In both cases, the end result is the same: when COVID-19 virus attacks beta cells in the pancreas, insulin production decreases.
This can lead to type 1 diabetes, which is usually due to genetic risk factors that stimulate an autoimmune reaction that attacks and destroys beta cells. Type 1 diabetes is seen earlier in life and requires patients to inject insulin every day as their body no longer produces the hormone. Type 1 diabetes also involves an environmental trigger, such as an infection, to trigger the autoimmune reaction.
In contrast, the much more common type 2 diabetes occurs when the body becomes resistant to the insulin it produces. Type 2 diabetes can be managed with changes in diet and exercise, although sometimes medication is needed that improves insulin sensitivity. In total, 34.2 million Americans have diabetes, according to a 2020 report issued by the Centers for Disease Control.
The fate of the infected beta cells is important to investigate further, as there may be a way to prevent their destruction in patients with severe COVID-19. Chen’s team examined a large panel of chemicals in hopes of finding one that could prevent the transdifferentiation process.
The study identified a compound called trans-ISRIB that helped beta cells maintain their identity and their ability to produce insulin when infected with SARS-CoV-2. Trans-ISRIB, which stands for Integrated Stress Response InhiBitor, is a compound discovered in 2013 that is capable of preventing a cell’s normal response to stress. Such compounds are being investigated as potential therapeutic agents to prevent widespread apoptosis and injury.
Chen warns: “Trans-ISRIB is not an FDA-approved drug, so it cannot be used in patients yet. However, our studies support the idea that a new drug could be developed to prevent COVID-19 from causing diabetes. Jackson’s group found that a cellular protein receptor called neuropilin-1 was critical for SARS-CoV-2 to invade beta cells; blocking this receptor prevents them from becoming infected.
There is also great interest among the broader research community to develop drugs that prevent cells from destroying themselves by apoptosis.
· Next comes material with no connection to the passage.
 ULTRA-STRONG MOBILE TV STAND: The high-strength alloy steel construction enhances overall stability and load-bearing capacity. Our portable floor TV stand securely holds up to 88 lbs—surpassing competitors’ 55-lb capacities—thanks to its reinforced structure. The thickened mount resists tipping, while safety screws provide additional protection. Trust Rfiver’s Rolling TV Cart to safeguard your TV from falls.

Experimental compounds called caspase inhibitors that prevent cell suicide are being investigated by others as potential therapies for the improvement or prevention of severe COVID-19. Unfortunately, caspase inhibitors have not proven to be a complete success at the clinic despite great promise and interest. Nevertheless, “they may be able to work for short-term exposure to limit virus damage,” Jackson said.
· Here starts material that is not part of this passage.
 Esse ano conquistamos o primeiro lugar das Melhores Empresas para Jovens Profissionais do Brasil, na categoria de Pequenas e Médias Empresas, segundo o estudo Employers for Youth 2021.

Chen adds that SARS-CoV-2 is not the only virus that threatens the pancreas. Coxsackievirus B, rotavirus, mumps virus and cytomegalovirus have been shown to infect and damage beta cells. Whether they are a direct cause of type 1 diabetes has been controversial. More research is needed to determine if it is possible to neutralize viral attacks on the pancreas, either by blocking infection or preventing the virus from reaching the organ in the first place.
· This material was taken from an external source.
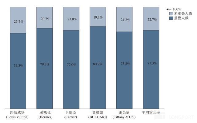 虽然公司没有给出具体的拆分,但结合调研信息,由于老铺老会员的复购率其实并不高,当年下单的存量客户占上一年会员总数的比例不到15%(爱马仕的复购率在50%以上),因此,海豚君推测老铺店效的提升主要依赖的是新增用户,而这些新增用户又有很大一部分来在国际奢侈品品牌的受众群体。

Kalyani stresses that these studies “further underscore the importance of being vaccinated against COVID-19. People who contract COVID-19, especially those with prediabetes or other risk factors for diabetes, should inform their healthcare providers if they develop symptoms of hyperglycemia, such as frequent urination, excessive thirst, blurred vision or unexplained weight loss. “
These new findings underscore that there is much to learn about COVID-19 and its aftermath. It seems that for some unfortunate people it is only the beginning of defeating the virus. Additional complications can occur depending on which systems in the body have been damaged in the wake of the viral infection.